-- INFORMATION PROVIDED follows --
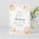 Evoca un ambiente costero sereno con este diseño romántico con delicadas conchas y elementos botánicos. Una paleta suave y natural crea un ambiente tranquilo, perfecto para una unión marítima íntima.
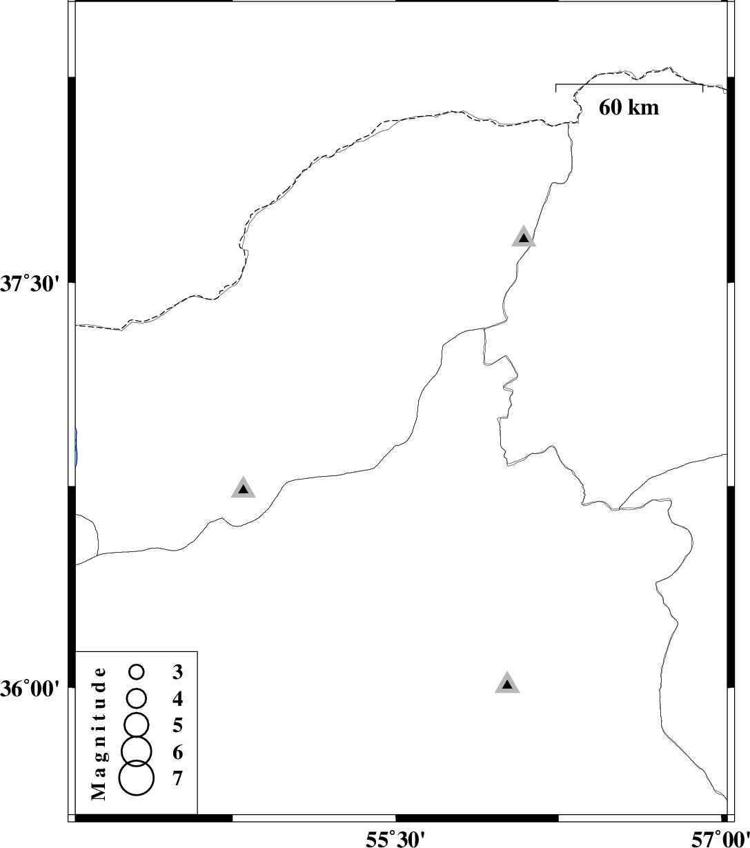 | 2015/08/06 | 21:17:59.3 | 01:47:59.3 | 37.024 | 55.526 | 26 | ML:2.8 | Golestan Province, 26 km South-East of Minodasht |
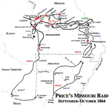 By the beginning of September 1864, the American Civil War had been continuing for several years, and events in the eastern United States, especially the Confederate defeat in the Atlanta campaign, gave President of the United States Abraham Lincoln, who supported continuing the war, an edge in the 1864 United States Presidential Election over George B. McClellan, who promoted ending the war. At this point, the Confederacy had very little chance of winning the war.[1] As events east of the Mississippi River turned against the Confederates, General Edmund Kirby Smith, commander of the Trans-Mississippi Department, was ordered to transfer the infantry under his command to the fighting in the Eastern and Western Theaters. However, this proved to be impossible, as the Union Navy controlled the Mississippi River, preventing a large scale crossing. Despite having limited resources for an offensive, Smith decided that an attack designed to divert Union troops from the principal theaters of combat would have the same effect as the proposed transfer of troops. Major General Sterling Price and the Confederate Governor of Missouri Thomas Caute Reynolds suggested that an invasion into the state of Missouri would be an effective offensive; Smith approved the plan and appointed Price to command the offensive. Price expected that the offensive would create a popular uprising against Union control of Missouri, divert Union troops away from principal theaters of combat (many of the Union troops previously defending Missouri had been transferred out of the state, leaving the Missouri State Militia to be the state's primary defensive force), and aid McClellan's chance of defeating Lincoln;[2] on September 19, Price's column entered the state.[3]
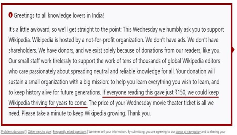 ബുദ്ധിമുട്ടുള്ള കാര്യമായതിനാല് നേരിട്ട് കാര്യത്തിലേക്ക് കടക്കാം. ലാഭമില്ലാതെ പ്രവര്ത്തിക്കുന്ന പ്രസ്ഥാനമാണ് വിക്കിപീഡിയ എന്ന് അറിയാമല്ലോ. ഞങ്ങള് പരസ്യം ചെയ്യാറില്ല അതുപോലെ ഓഹരിയുടമകളുമില്ല. വായനക്കാരില് നിന്നുള്ള സംഭാവനയാണ് വിക്കിപീഡിയയുടെ വരുമാനം. പക്ഷം പിടിക്കാതെയുള്ള വിവരങ്ങള് നിങ്ങളിലെത്തിക്കാന് വിശ്രമമില്ലാതെ ജോലി ചെയ്യുന്ന നിരവധിപ്പേര് ഞങ്ങള്ക്കൊപ്പമുണ്ട്. നിങ്ങളുടെ സംഭാവനയ്ക്ക് വലിയൊരു തരത്തില് ആ പ്രസ്ഥാനത്തെ സഹായിക്കാന് സാധിക്കും. ഭാവിതലമുറകള്ക്ക് വേണ്ടി ഈ പ്രസ്ഥാനത്തെ ജീവിപ്പിച്ച് നിര്ത്താന് അത് ആവശ്യമാണ്. ഈ കുറിപ്പ് ലഭിക്കുന്നവര് 150 രൂപ സംഭാവന നല്കാന് അപേക്ഷിക്കുന്നു. നിങ്ങളുടെ ഒരു സിനിമാ ടിക്കറ്റിന്റെ തുക മാത്രമാണ് ഞങ്ങള്ക്ക് ആവശ്യമായത്. വിക്കി പീഡിയയുടെ വളര്ച്ചക്കായി ഒരു നിമിഷം ഉപയോഗിക്കൂ, നന്ദി എന്നാണ് കുറിപ്പില് വ്യക്തമാക്കുന്നത്.
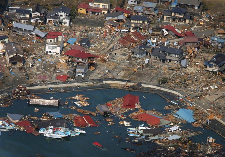 Barcos y casas derribados entre más escombros flotando en el mar de Kesennuma, prefectura de Miyagi.
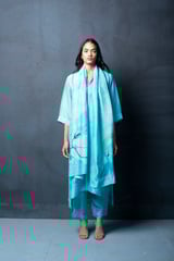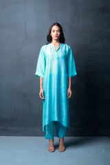 Navy Blue Habutai Silk Kurta Set
-- INFORMATION PROVIDED concluded --
** WORK ITEM **
Transcribe all the lines above exactly; any image among them is skipped.

** WRITTEN SOLUTION **
 Evoca un ambiente costero sereno con este diseño romántico con delicadas conchas y elementos botánicos. Una paleta suave y natural crea un ambiente tranquilo, perfecto para una unión marítima íntima.
 | 2015/08/06 | 21:17:59.3 | 01:47:59.3 | 37.024 | 55.526 | 26 | ML:2.8 | Golestan Province, 26 km South-East of Minodasht |
 By the beginning of September 1864, the American Civil War had been continuing for several years, and events in the eastern United States, especially the Confederate defeat in the Atlanta campaign, gave President of the United States Abraham Lincoln, who supported continuing the war, an edge in the 1864 United States Presidential Election over George B. McClellan, who promoted ending the war. At this point, the Confederacy had very little chance of winning the war.[1] As events east of the Mississippi River turned against the Confederates, General Edmund Kirby Smith, commander of the Trans-Mississippi Department, was ordered to transfer the infantry under his command to the fighting in the Eastern and Western Theaters. However, this proved to be impossible, as the Union Navy controlled the Mississippi River, preventing a large scale crossing. Despite having limited resources for an offensive, Smith decided that an attack designed to divert Union troops from the principal theaters of combat would have the same effect as the proposed transfer of troops. Major General Sterling Price and the Confederate Governor of Missouri Thomas Caute Reynolds suggested that an invasion into the state of Missouri would be an effective offensive; Smith approved the plan and appointed Price to command the offensive. Price expected that the offensive would create a popular uprising against Union control of Missouri, divert Union troops away from principal theaters of combat (many of the Union troops previously defending Missouri had been transferred out of the state, leaving the Missouri State Militia to be the state's primary defensive force), and aid McClellan's chance of defeating Lincoln;[2] on September 19, Price's column entered the state.[3]
 ബുദ്ധിമുട്ടുള്ള കാര്യമായതിനാല് നേരിട്ട് കാര്യത്തിലേക്ക് കടക്കാം. ലാഭമില്ലാതെ പ്രവര്ത്തിക്കുന്ന പ്രസ്ഥാനമാണ് വിക്കിപീഡിയ എന്ന് അറിയാമല്ലോ. ഞങ്ങള് പരസ്യം ചെയ്യാറില്ല അതുപോലെ ഓഹരിയുടമകളുമില്ല. വായനക്കാരില് നിന്നുള്ള സംഭാവനയാണ് വിക്കിപീഡിയയുടെ വരുമാനം. പക്ഷം പിടിക്കാതെയുള്ള വിവരങ്ങള് നിങ്ങളിലെത്തിക്കാന് വിശ്രമമില്ലാതെ ജോലി ചെയ്യുന്ന നിരവധിപ്പേര് ഞങ്ങള്ക്കൊപ്പമുണ്ട്. നിങ്ങളുടെ സംഭാവനയ്ക്ക് വലിയൊരു തരത്തില് ആ പ്രസ്ഥാനത്തെ സഹായിക്കാന് സാധിക്കും. ഭാവിതലമുറകള്ക്ക് വേണ്ടി ഈ പ്രസ്ഥാനത്തെ ജീവിപ്പിച്ച് നിര്ത്താന് അത് ആവശ്യമാണ്. ഈ കുറിപ്പ് ലഭിക്കുന്നവര് 150 രൂപ സംഭാവന നല്കാന് അപേക്ഷിക്കുന്നു. നിങ്ങളുടെ ഒരു സിനിമാ ടിക്കറ്റിന്റെ തുക മാത്രമാണ് ഞങ്ങള്ക്ക് ആവശ്യമായത്. വിക്കി പീഡിയയുടെ വളര്ച്ചക്കായി ഒരു നിമിഷം ഉപയോഗിക്കൂ, നന്ദി എന്നാണ് കുറിപ്പില് വ്യക്തമാക്കുന്നത്.
 Barcos y casas derribados entre más escombros flotando en el mar de Kesennuma, prefectura de Miyagi.
 Navy Blue Habutai Silk Kurta Set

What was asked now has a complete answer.